While at Clemson University, where he majored in finance, Blair took several healthcare policy classes and interned with his father’s company, America’s Health Plan. There, he noted that clients would often choose hospitals as part of the provider network based on the discount offered.
After he finished college, Blair and his partners saw a similar dynamic within pharmacy benefits, with PBMs favoring rebates over the lowest net cost drugs. Early in his career, Blair founded and served as CEO of Catalyst Health Solutions, which aimed to provide employers and health plans with transparent pharmacy benefits. That company grew from a startup to a Fortune 500 company with more than $6 billion in annual revenue and was acquired by SXC Health Solutions in 2012 for $4.8 billion. Renamed Catamaran Corp., it was acquired by UnitedHealth Group in 2015 and is now Optum Rx, one of the “big three” PBMs that dominate the pharmacy benefit management sector.
With LucyRx, Blair says he aims to bring transparency to how pharmacy benefits are managed and to the underlying economics. The company’s name is a reference to “lux,” the Latin word for light. Blair says the vertically integrated model has created conflicting business priorities, limited patient choice and added unnecessary complexity.
Blair says he sees LucyRx as a prescription care partner, removing hidden costs, increasing access and creating transparent, accountable options for care. He says he and his co-founders—Martin Payne and Josh Lynn — wanted to approach pharmacy benefits differently. He points to LucyRx’s program for the glucagon-like peptide 1 (GLP-1) drugs.
“Everyone has a GLP-1 program, and they’re all pretty much the same: a couple of lifestyle programs with a drug benefit. A lot of our employers can’t pay that. We’ve reached out directly to drug manufacturers for direct-to-consumer products that we get for $495, but we can capture the claims data on that,” Blair says.
Additionally, the company has launched specific programs for specialty care and women’s health.
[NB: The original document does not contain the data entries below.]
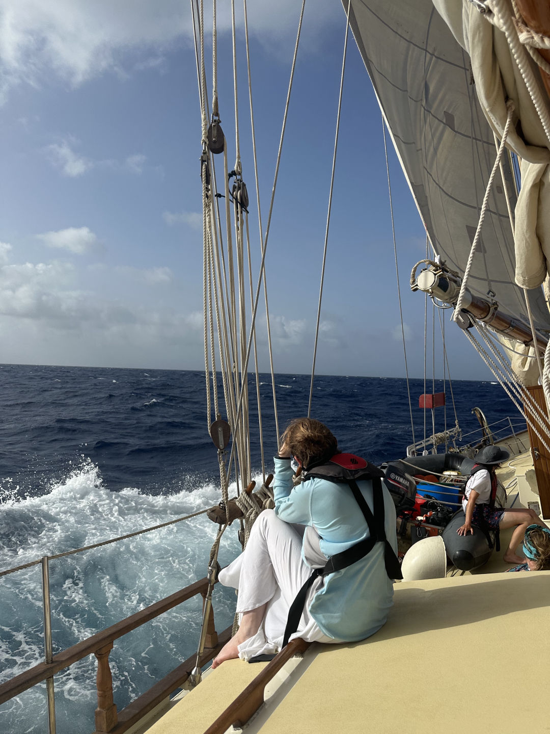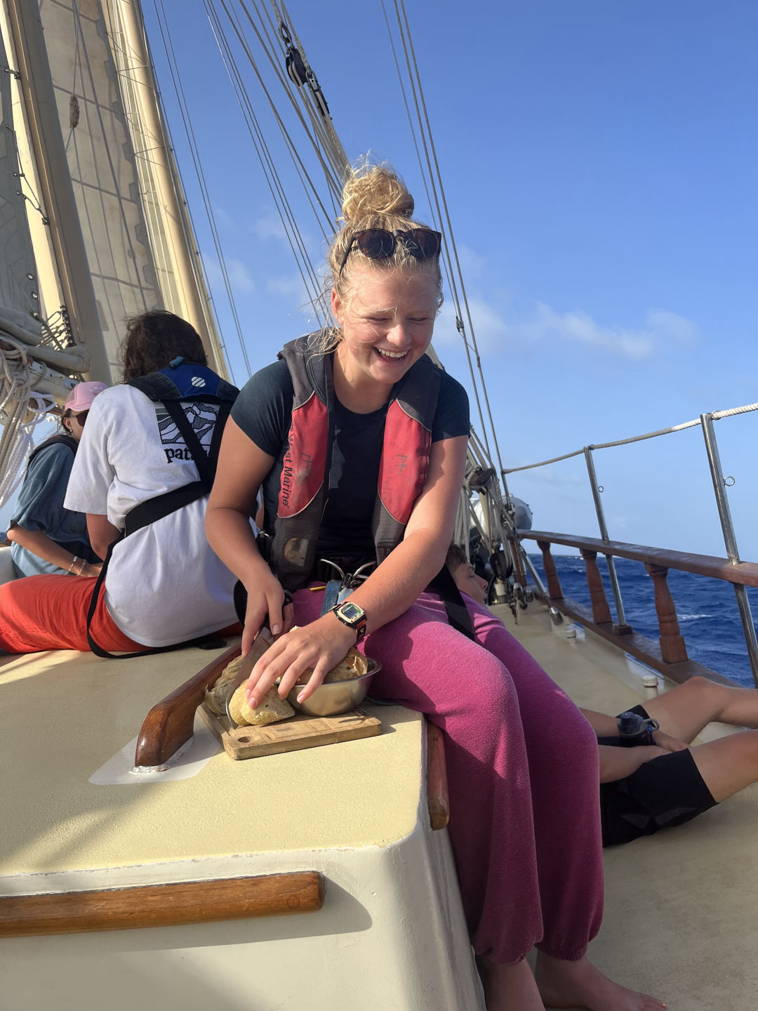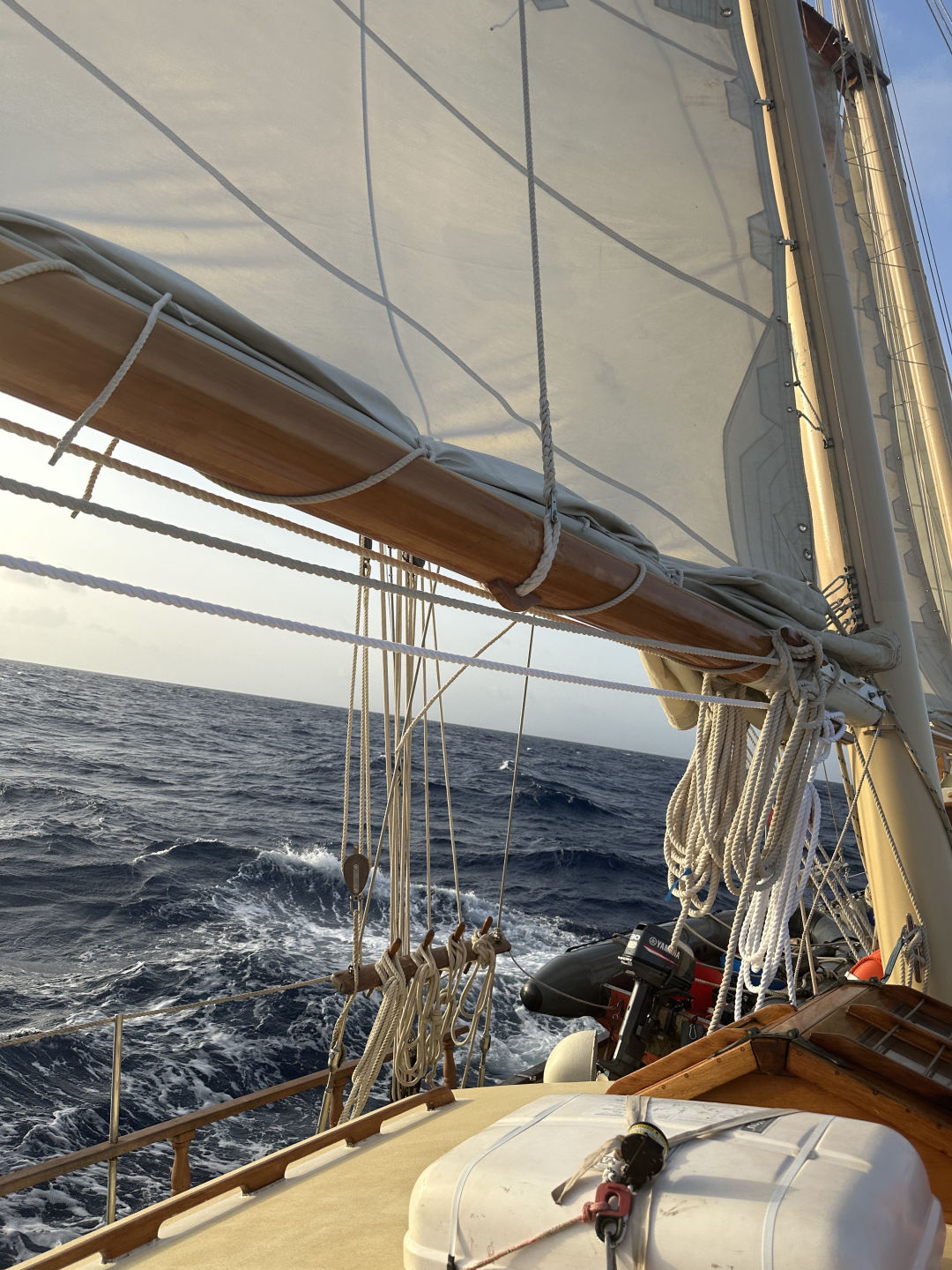 Unlike the past days, we all woke up at various times this morning as we had 3-hour watches during the night. Split into three different watch teams, we take turns doing boat checks, steering the boat, and keeping watch on deck the whole time we are underway. Meaning 3 hours on watch, then 6 hours off the whole time we are moving. Breakfast was just cereal whenever you wanted it, as everyone was sleeping at different times. Went to sleep last night under the impression that we would arrive at St. Barthes between 2 and 6 pm today. Due to the fact that the wind is coming directly from where we need to go, this ETA changed to 10 to 11 pm today this morninghad BLTs for lunch for those of us that could stomach it. A lot of people are feeling really seasick and or homesick todaypretty uneventful afternoon sailing. Most of the day was spent without sight of land or any other ships, just us and the endless ocean in every direction. Pretty cool to experience but also a bit unsettling. Dinner was beef stroganoff. Huge shoutout to the chefs for today. Really rough to cook while underway.
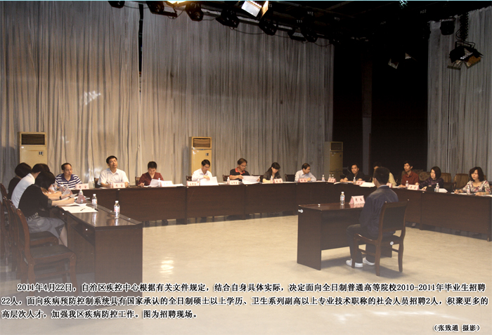 2011年4月22日,自治区疾病预防控制中心根据有关文件规定,结合自身具体实际,决定面向全日制普通高等院校2010-2011年毕业生招聘22人,面向疾病预防控制系统具有国家承认的全日制硕士以上学历、卫生系列副高以上专业技术职称的社会人员招聘2人,积聚更多的高层次人才,加强我区疾病防控工作。
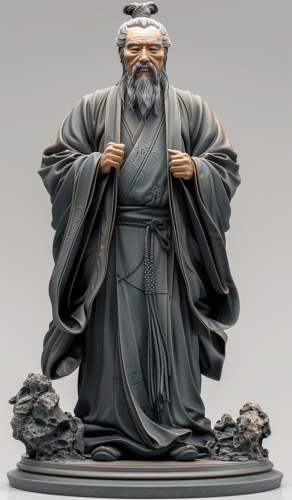 Confucius, long beard, wearing ancient robes, traditional topknot, full-body front view, mouth closed, in deep thought.White background. Vector art.photo-realistic, HD. --ar 52:89 --s 750 --v 6.0 --style raw
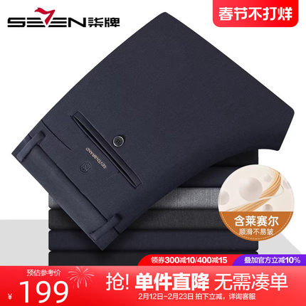 【含莱赛尔天丝】柒牌男秋冬裤子2025新款男士商务直筒弹力休闲裤
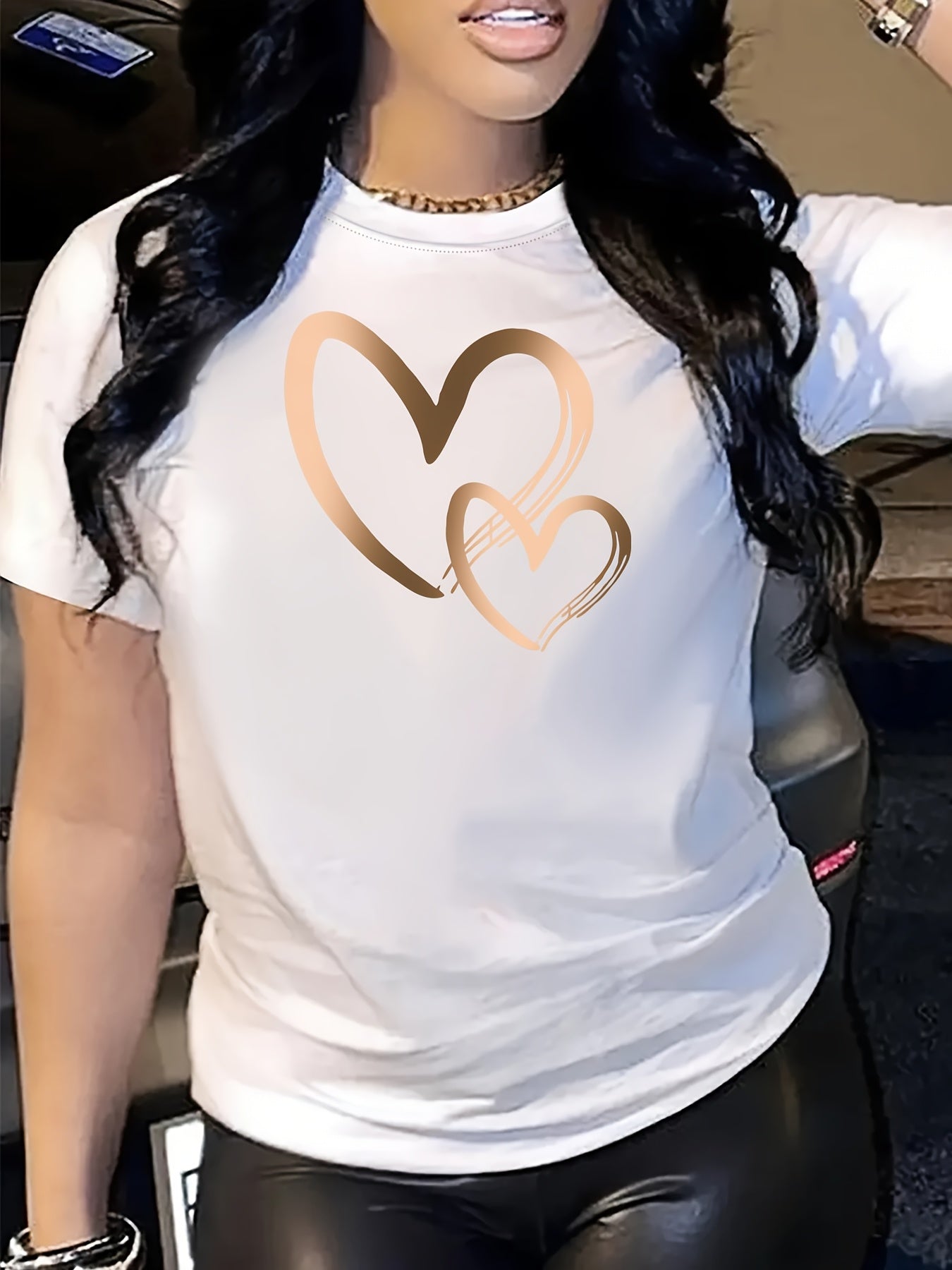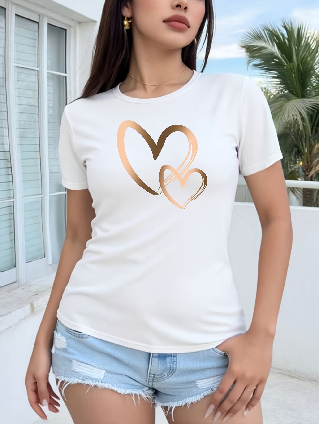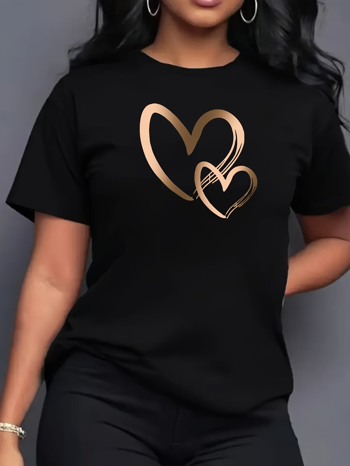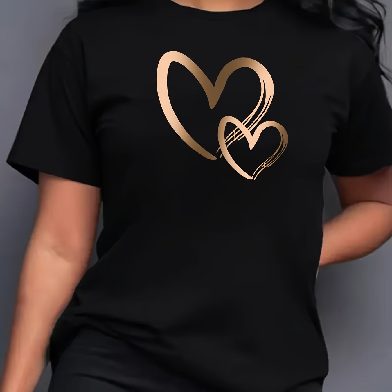 Կանացի սրտաձև գրաֆիկական շապիկ - կարճ թևքերով, կլոր վզնոցով, ձգվող պոլիեսթերից, գարուն/ամառային առօրյա վերնաշապիկ՝ ոսկեգույն սրտաձև նախշերով, հարմարավետ հագուստ | Սրտաձև նախշերով շապիկ | Անթափանցիկ նյութ

LucyRx’s women’s health initiative focuses on perimenopause and menopause. “This is a huge area that has not been addressed by PBMs,” he says. “We have a specific program designed just for women for things such as hormone replacement therapy.”
For specialty care, LucyRx has partnered with more than 130 accredited specialty pharmacies embedded within leading health systems, including Northwestern Medicine, Boston Children’s Hospital and City of Hope. “Ultimately, our goal is to help people live healthier lives by healing the prescription care system and making it easier, more affordable, and more human,” he says.
Looking to the future, Blair said the vertically integrated PBMs will likely split apart. “I don’t know how they can dodge as many bullets as are being fired at them today from federal and state regulatory officials,” he says, citing the Arkansas law that goes into effect in January 2026, prohibiting PBMs from owning pharmacies.
“Twenty-five years ago, Merck owned Medco and Eli Lilly owned PCS, and the FTC [Federal Trade Commission] came out and said this was anticompetitive,” he says. “The FTC made them set up independent review boards. This was anticompetitive 25 years ago, and it’s still anticompetitive.”